One Way to Get the Last Word: Don’t Post Comments You Don’t Like

I’ve been having a debate on the evidence supporting voter identification laws with Michael Thielen. First he wrote at Big Government and then at the blog of the Republican National Lawyers Association criticizing the released sneak preview chapter from my forthcoming book.

In his most recent post at the RNLA blog, I tried to post three comments. He allowed my first comment to be posted, but he has not posted my other comments, which responded to further comments he and another RNLA employee, Maya Noronha, made about my blog post.

The comments I wanted to post noted that the Pastor study could not have influenced the Carter-Baker report as it came out years after the Carter-Baker study concluded. Another commented defended the scholarship I relied upon in the book on the lack of evidence that voter id laws prevent impersonation fraud or increase voter confidence. Among the works I relied upon was the excellent Erikson-Minnite peer reviewed ELJ piece on voter id, which Thielen smears through character assassination. My comment also noted that Brad Friedman’s investigative work on the American Center for Voting Rights deserved to be credited in my chapter, but that Friedman comes in for criticism in the full version of the book to be released this summer.

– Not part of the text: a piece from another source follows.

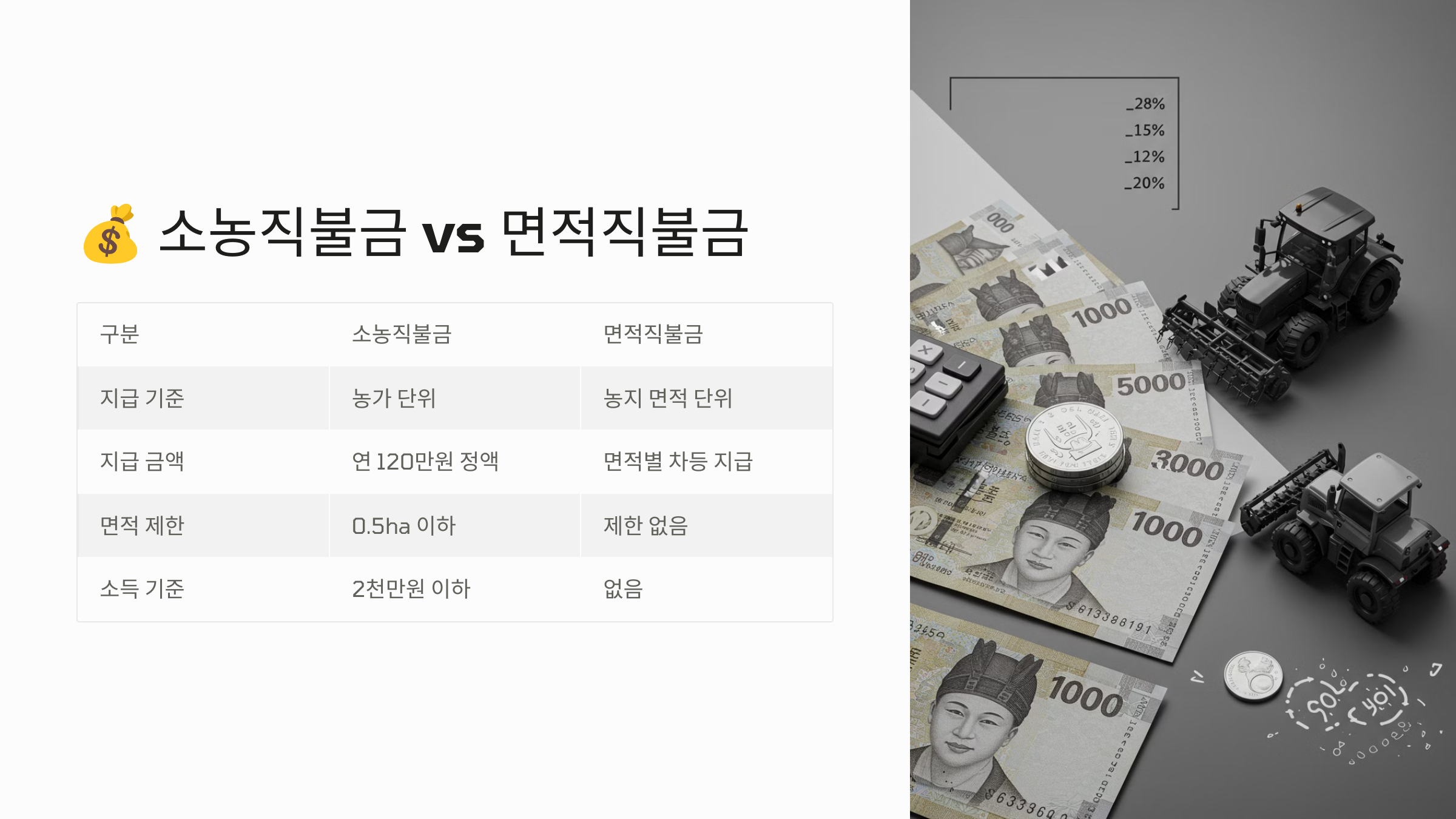 💰 소농직불금 vs 면적직불금 차이점 – 조건별로 받는 금액 다름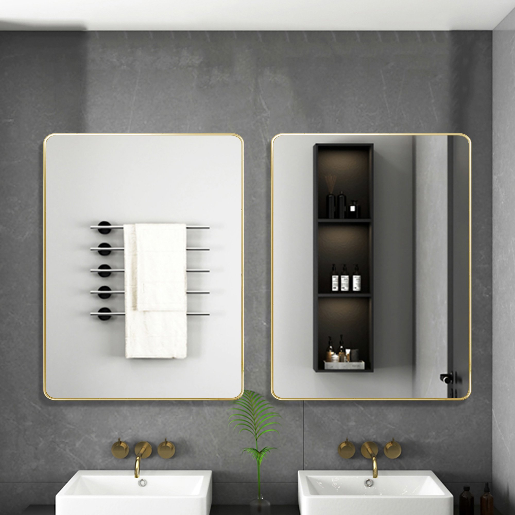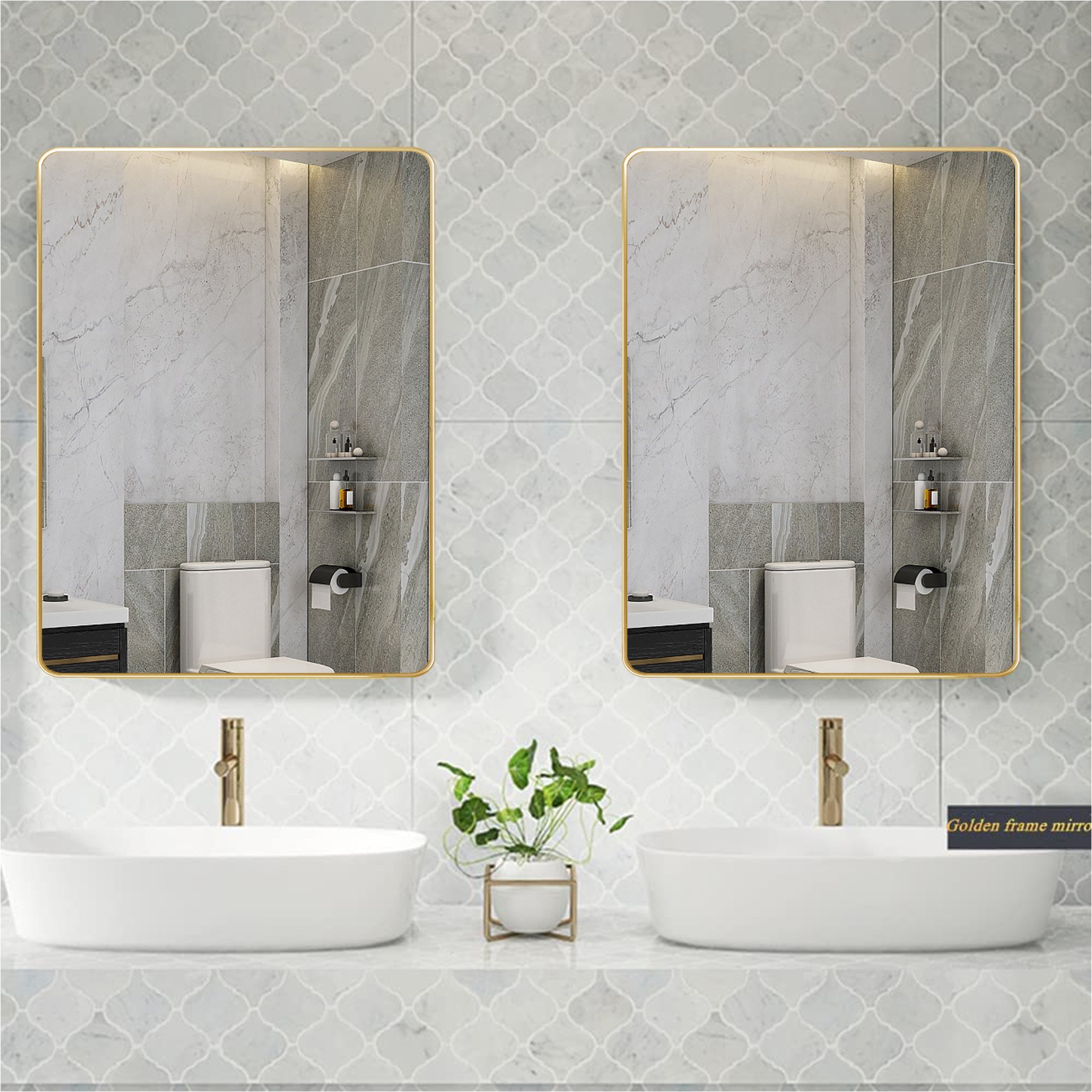 Home > 32 x 24 Inch Gold Bathroom Mirror for Wall Vanity Mirror with Non-Rusting Aluminum Alloy Metal Frame Rounded Corner for Modern Farmhouse Home Decor

But readers of the RNLA blog won’t know that I had responses to these arguments, because although RNLA purportedly opens its blog to comments, it sometimes chooses not to print them.

UPDATE: Thielen responds here. On not printing my comments even though they have an open link for comments: “The reason we don’t post his comments on our blog anymore (after the initial one we did post) is quite simple: we can’t post on his blog. So Professor Hasen, let us post on your blog and we will return the favor. But right now it is RNLA one, Election Law Blog zero.”

I’d be delighted to post a guest post from you, if you would ask.  I have often had guest posts from people with whom I strongly disagree. (Here’s a recent, prominent example.)  I don’t have comments on my blog because I run the blog alone, tried comments, and spent hours dealing with spam.  But I invite readers to email me comments and I occasionally quote them on my blog. It is not as though I have some kind of button inviting readers to post comments, and then I don’t post them.

On the substance, Thielen says I’m afraid to debate substance. My entire chapter shows that there is no credible evidence that voter identification laws are necessary to prevent impersonation voter fraud, or that voter id laws promote confidence. That latter point is amply proven in the Persily-Ansolabehere study (published in the Harvard Law Review). The Pastor study which Thielen cites goes only to the question of the prevalence of would-be voters without i.d.  I have some methodological issues with the study (other studies have found larger effects) but it is besides the point of my study.  It is worth noting that the Pastor report concludes: “Still, there are serious problems in the way in which the ID laws have been drafted or applied that might have the effect of reducing voter participation, particularly of certain groups”

Far from running away from a discussion of the merits, my chapter is a discussion of the merits.